月はどうしてできたか/ジェームズ・リーブズ・作 エドワード・アーディゾーニ・絵 矢川 澄子・訳/評論社/1979年
「グリム童話より」とあります。グリムの昔話もいわば再話ですが、再々話です。
昔、月がなかったころの話。
夜になると真っ暗で、あとはもう、さっさとねるだけのエクスのまちの四人兄弟がワイの町にでかけました。
ところがワイの町は、夜になってもエクスのようにくらくありません。よく見ると木の上にあかりがありました。
この町の男を呼び止めてたずねると、市長が2ポンドで買ってきて、カシの木にぶらさげたといいます。この男は月に油をさし掃除をするため、月に10ペンス市長にはらっているといいます。
町ではまた別のものをかえばいいという理屈で、四人兄弟は月をいただいて(盗むという感覚はなさそうです)エクスの町へもどります。
エクスの町は、夜になっても明るいので大喜び。月は掃除し、油をいれなければならず、町の人は週に10ペンスづつ、四人に払います。
ところが一番上の兄がなくなるとき、月の四分の一は、おれのものだと、お墓に持っていくことになります。
市長が木に登って四分の一を、お棺にいれてやります。
二番目の兄がなくなるときも、月の四分の一はおれのものだといい、お棺にいれてやります。
三番目、四番目のときもおなじようにすると、エクスの人びとは、また暗闇です。
一方、地面の下では月は一つになって、明るくなって、死人たちはおどろきます。
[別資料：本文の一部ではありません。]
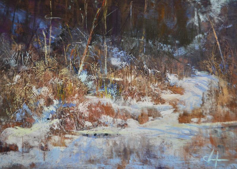 Winter Bluffs 22x28, soft pastels , semi gloss house paint. acrylic ar,  $3000 by: Tom Christopher Entry ID: 587754

お墓から出てきて飲めや歌えの大騒ぎ。そのうちついつい飲みすぎて、けんかが始まり、こん棒をもちだして殴り合い。この騒ぎは天国までとどきます。
天国のご門番、聖者ピーターが、ものおとをききつけて、いくさでもはじまったのかと思い、天の軍勢を呼び集めます。ところが軍勢がなかなかあつまってこないので、業を煮やした聖者ピーターは、天国の門をとびだし、かみなりのような声で死人たちに、「おとなしくお墓にもどれ」といいわたし、さわぎの原因になった月をかつぎあげ、天の高みにぶらさげてしまいます。
お金も払わず、月の恩恵をうけているのは、聖者ピーターのおかげだったのです。
天の月が、あまねく地上を照らすようになったのは、四人兄弟が地下へ月をもっていった結果でもありました。
ところで四人兄弟ですが、上からアルン(としより)、ボーア(おとなしい)、キャス(やりて)、ドール(ずる)という意味ありげな名前ですが、それぞれの特徴が生きていないのが残念です。